Ad avallare una sorta di indifferenza di Stato verso la scelta tossicomanica non vale l'osservazione secondo cui é necessario rispettare la libertà di chi sceglie di consumare droga, poiché costui al massimo danneggia se stesso, ma non gli altri. Possono richiamarsi, per analogia, le considerazioni svolte dalla Corte costituzionale di fronte alle eccezioni sollevate da giudici di merito contro la legge 11 gennaio 1986, n. 3, che impone ai motociclisti di indossare il casco; con la sentenza n. 180 del 16 maggio 1994 la Corte ha ritenuto infondata la tesi dell'ingerenza dello Stato nei diritti del cittadino, che deriverebbe dal fatto che ad andare in giro senza casco non si mette a repentaglio l'incolumità altrui, ma soltanto la propria, e quindi imporre l'uso del casco limiterebbe la libertà di circolazione, e piú in generale di estrinsecazione della personalità. La Consulta ha risposto che la salute dell'individuo costituisce al tempo stesso, in base all'articolo 32 della Costituzione, interesse della collettività, sí che va apprezzato nella specie l'intervento del legislatore, anche perché gli incidenti stradali hanno un costo per l'intera società. La logica seguita per l'obbligo di indossare il casco vale, a maggior ragione, per l'imposizione dell'obbligo di non fare uso di droga.
Esistono peraltro precisi vincoli di ordine internazionale. La Convenzione unica sugli stupefacenti adottata a New York il 30 marzo 1961, emendata dal Protocollo di Ginevra del 25 marzo 1972 (di cui alla legge 5 giugno 1974, n. 412), e la Convenzione sulle sostanze psicotrope adottata a Vienna il 21 febbraio 1971 (di cui alla legge 25 maggio 1981, n. 385), obbligano gli Stati sottoscrittori, fra i quali é l'Italia, a considerare illecita anche la detenzione di stupefacenti per uso personale non terapeutico. Il richiamo alla responsabilità della persona, e non all'indifferenza di Stato rispetto alla sua scelta di drogarsi, é stato ritenuto dai giudici di palazzo della Consulta in ripetute occasioni conforme ai precetti costituzionali: nella sentenza n. 333 dell'11 luglio 1991, per esempio, si sottolinea che prevedere co me reato - in base alla versione originaria del testo unico approvato con decreto del Presidente della Repubblica n. 309 del 1990 - la detenzione di sostanze stupefacenti per uso personale in misura superiore alla dose media giornaliera risponde all'esigenza di rendere estremamente improbabile che il detentore possa spacciare, o anche solo cedere a terzi, la sostanza detenuta, e di limitare l'accumulo di droga per uso personale al fine di contrastarne il traffico illecito, "costretto dalla parcellizzazione della domanda a moltiplicare i rivoli dell'ultima fase dello spaccio".
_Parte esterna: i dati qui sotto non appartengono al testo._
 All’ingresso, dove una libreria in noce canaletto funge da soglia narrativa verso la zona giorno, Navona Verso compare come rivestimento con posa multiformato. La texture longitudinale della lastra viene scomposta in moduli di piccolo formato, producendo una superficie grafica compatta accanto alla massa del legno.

5. Su queste basi di principio e costituzionali si fondano le modifiche contenute nel presente disegno di legge, che si muove verso il recupero dell'impostazione di fondo del citato testo unico approvato con decreto del Presidente della Repubblica n. 309 del 1990 e l'utilizzo dell'esperienza maturata a seguito dell'applicazione delle disposizioni in esso contenute e di ció che é accaduto quando quell'impianto é stato modificato dal referendum del 1993. É un dato di fatto inconfutabile che, fino a quando le norme introdotte nel 1990 hanno avuto pieno vigore, hanno prodotto risultati positivi: basta per tutti l'indice costituito dai morti per uso di droga, che hanno raggiunto la punta piú elevata nel 1991 (1.383 decessi), per calare sensibilmente negli anni successivi, proprio in coincidenza dell'applicazione di quelle norme: 1.217 nel 1992, 888 nel 1993, 867 nel 1994. Hanno ripreso a crescere in modo sensibile quando quell'impianto normativo é stato squilibrato, a seguito del referendum : 1.195 nel 1995 e 572 nel primo semestre del 1996.
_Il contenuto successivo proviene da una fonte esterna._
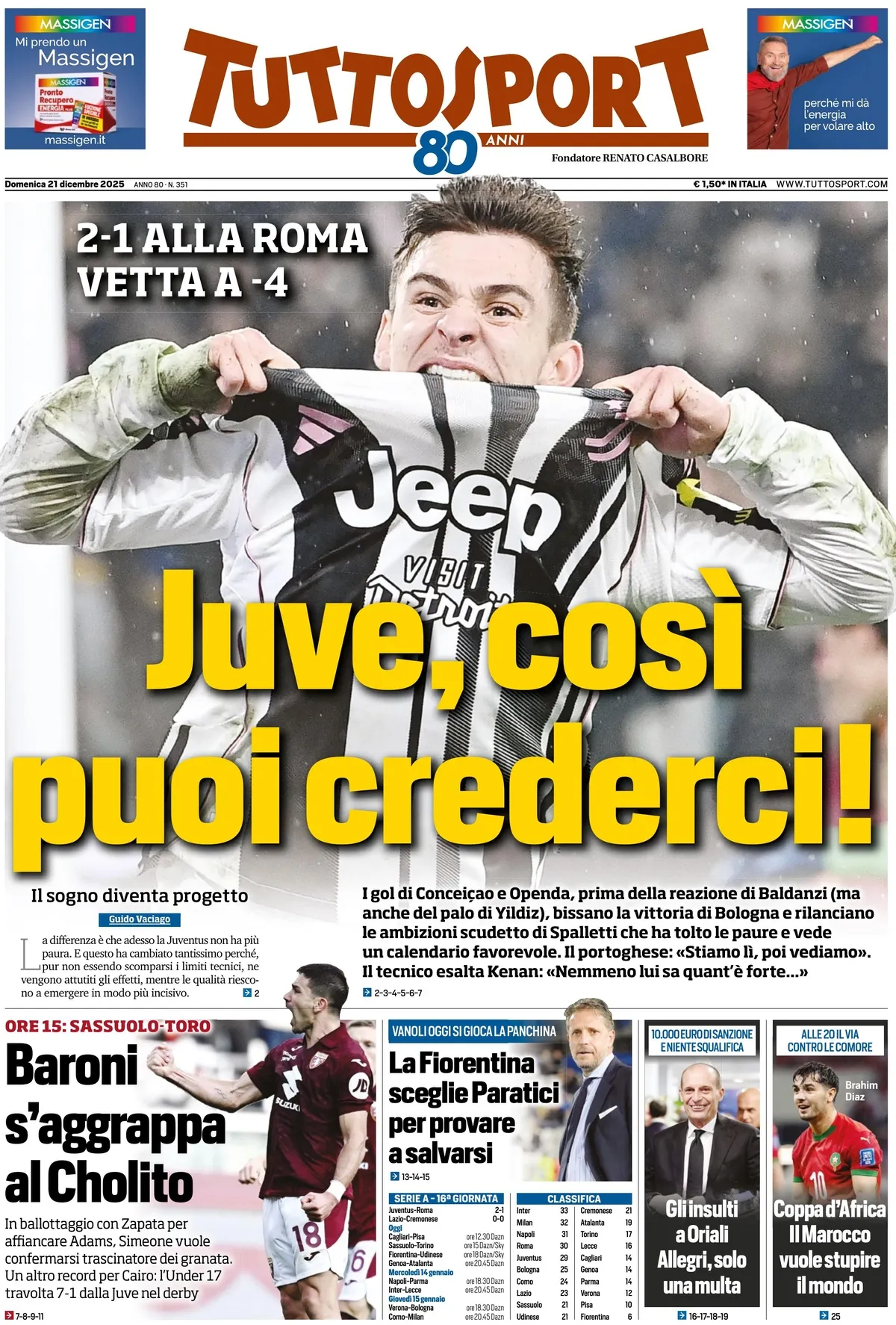 Le prime pagine sportive nazionali – 21 dicembre 2025
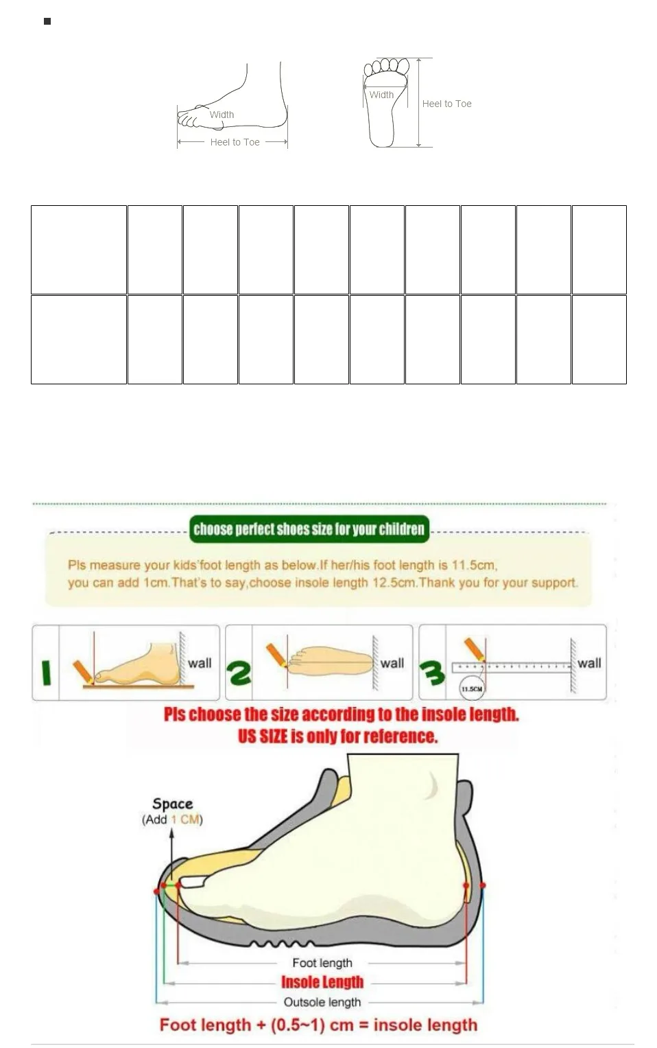 Примечание: Пожалуйста, выберите размер в соответствии с длиной Вашей стопы.
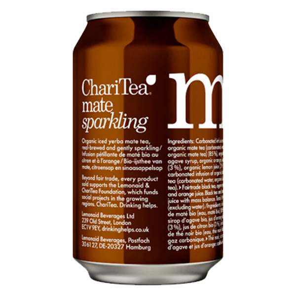 Carbonated infusion of organic mate tea (carbonated water, organic mate tea) (85 %), organic agave syrup, organic orange juice (3 %), organic lemon juice (3 %), carbonated infusion of organic black tea (carbonated water, organic black tea). Fairtrade black tea, agave syrup and orange juice. Black tea and orange juice with mass balance. Total 66 % (excluding water).
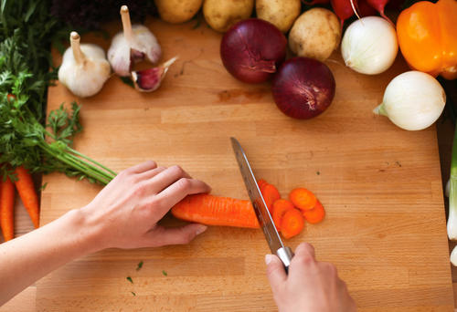 野菜を切る。大きさは好みでよいが、もしひき肉と食感を合わせたいのであれば、細かくみじん切りにするとよいだろう。特ににんじんや玉ねぎなどの火が通りにくい野菜については、他の具材に対して大きくなり過ぎないよう注意しよう。そうすれば、具材への火の通り具合のムラを減らすことができる。ゴロッとした野菜の食感を味わいたいのなら、あえて大きめに揃えるのもありだ。
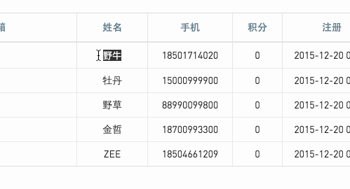 user :列表中某一行数据
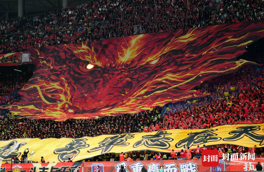 3月21日晚,重庆龙兴足球场涌进五万多名球迷,阔别17年的中超“川渝德比”在震天的“雄起”声中打响。看台南侧,巨幅TIFO缓缓展开,这场榜首大战从一开始就火药味十足。
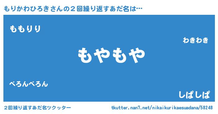 | 男性向けラノベタイトル風あだ名 | 『Re:もりかわひろきから始める異世界生活』 |
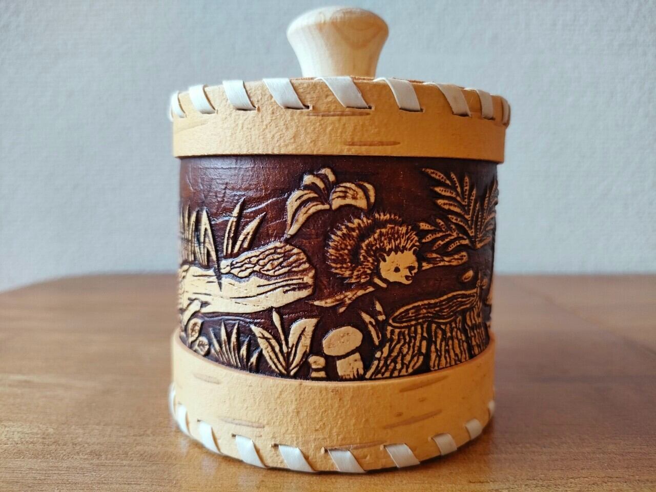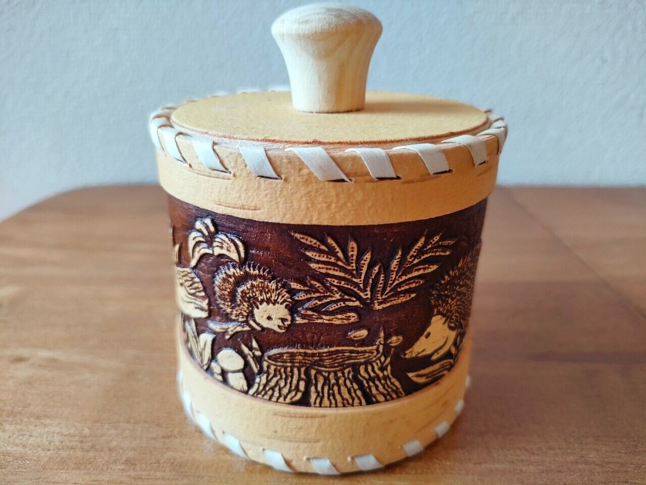 【BE179】北欧ロシア雑貨、ベレスタ白樺の小物入れ・キャニスター【ハリネズミ】

I primi tre articoli del presente disegno di legge recuperano talune delle norme abrogate dal referendum , al fine di riaffermare il giudizio sfavorevole dello Stato nei confronti anche della mera assunzione di stupefacenti; riacquista significato il procedimento innanzi al prefetto, prodromico della eventuale applicazione di sanzioni amministrative, mentre non viene ripreso il successivo procedimento dinanzi al pretore, del quale la pur limitata esperienza applicativa ha mostrato la farraginosità e la sostanziale concreta influenza. Cosí, l'articolo 1 vieta nuovamente l'uso personale di sostanze stupefacenti o psicotrope, reintroducendo tale divieto al comma 1- bis dell'articolo 72 del citato testo unico approvato con decreto del Presidente della Repubblica n. 309 del 1990.
L'articolo 2 riformula i commi 1, 2, 3 e 12 dell'articolo 75 dello stesso testo unico approvato con decreto del Presidente della Repubblica n. 309 del 1990, accentuando la fase della dissuasione: il prefetto, o un suo delegato, oltre ad invitare il tossicodipendente a non fare uso di droga, gli consegna una breve memoria, illustrativa in modo semplice ed efficace degli effetti negativi, sul piano fisico e psichico, derivanti dall'assunzione di qualsiasi tipo di stupefacente. Ovviamente, non si presume che tale consegna abbia effetti risolutivi o totalmente dissuasivi: essa si limita ad apportare un elemento di riflessione in piú, ulteriore rispetto ad un richiamo verbale che appare meno efficace e puó svolgersi in concreto con modalità sbrigative.
Nell'ottica di contrasto indiretto allo spaccio, ribadita dalla Corte costituzionale nella sentenza della quale si é appena fatto cenno, la n. 333 del 1991, l'articolo 3 riprende il concetto di dose media giornaliera, quale linea di confine fra la detenzione di droga al di sotto di quella soglia, che rappresenta un mero illecito amministrativo, e la detenzione di droga oltre quella soglia, che diventa un illecito penale.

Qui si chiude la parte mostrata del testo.